Written by PETA
Matthew Tosh | cc by 2.0
A female African
elephant named Umoya was found lying on the ground with severe injuries Thursday
morning at the San Diego Zoo
Safari Park. She died shortly thereafter. Umoya
was one of seven
elephants ripped from their home in Swaziland in 2003 and shipped halfway
around the world to the California zoo. PETA and other animal protection
organizations had filed a
lawsuit to try to prevent their capture
and had even offered to pay to move the elephants to another part of Africa.
Since no caretakers
were present when Umoya was injured, no one knows exactly what
happened to her, but it's likely that her injuries were sustained during
a fight with another elephant. Umoya's babies, Phakamile,
4, and Emanti, 18 months, are now orphaned, just as their mother was when she
was taken from her homeland.
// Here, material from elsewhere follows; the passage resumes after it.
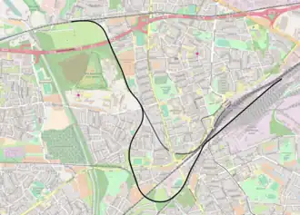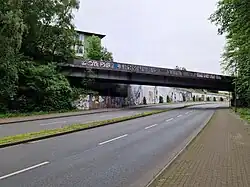 Die Güterzugstrecke ist als elektrifizierte Hauptbahn in Betrieb. Auf der Personenzugstrecke sind die Gleise demontiert; die Brücken über die Berliner Straße, die Wakefieldstraße, die Straße Am Mühlenbach, die Wilhelmstraße und die A 42 sind noch erhalten.
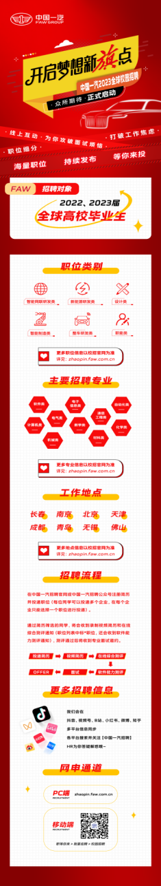 中国一汽2023全球校园招聘

Umoya's family said goodbye and paid
their respects, and
her babies were the last to leave.
Elephants share intensely close bonds, and they nurture
and protect each other. While playful roughhousing is common, aggression and
fights are exceedingly rare. In a study reported in the journal Nature, behaviorists found that
elephants with traumatic experiences during their formative years—like baby
elephants who see their families slaughtered during culls, which is what
happened to Umoya and the other seven elephants the zoo took from Swaziland, or are
taken from their home and hauled thousands of miles away to a strange and
frightening environment—often suffer from post-traumatic stress disorder. If
one of the elephants snapped from the stress of captivity and attacked, Umoya,
of course, had no way to escape.
Every ticket purchased to a zoo helps perpetuate
this cruel cycle. It is time to close elephant exhibits, leave elephants in
Asia and Africa where they belong, and move those in zoos now, like poor,
lonely Lucy in Edmonton, to a sanctuary.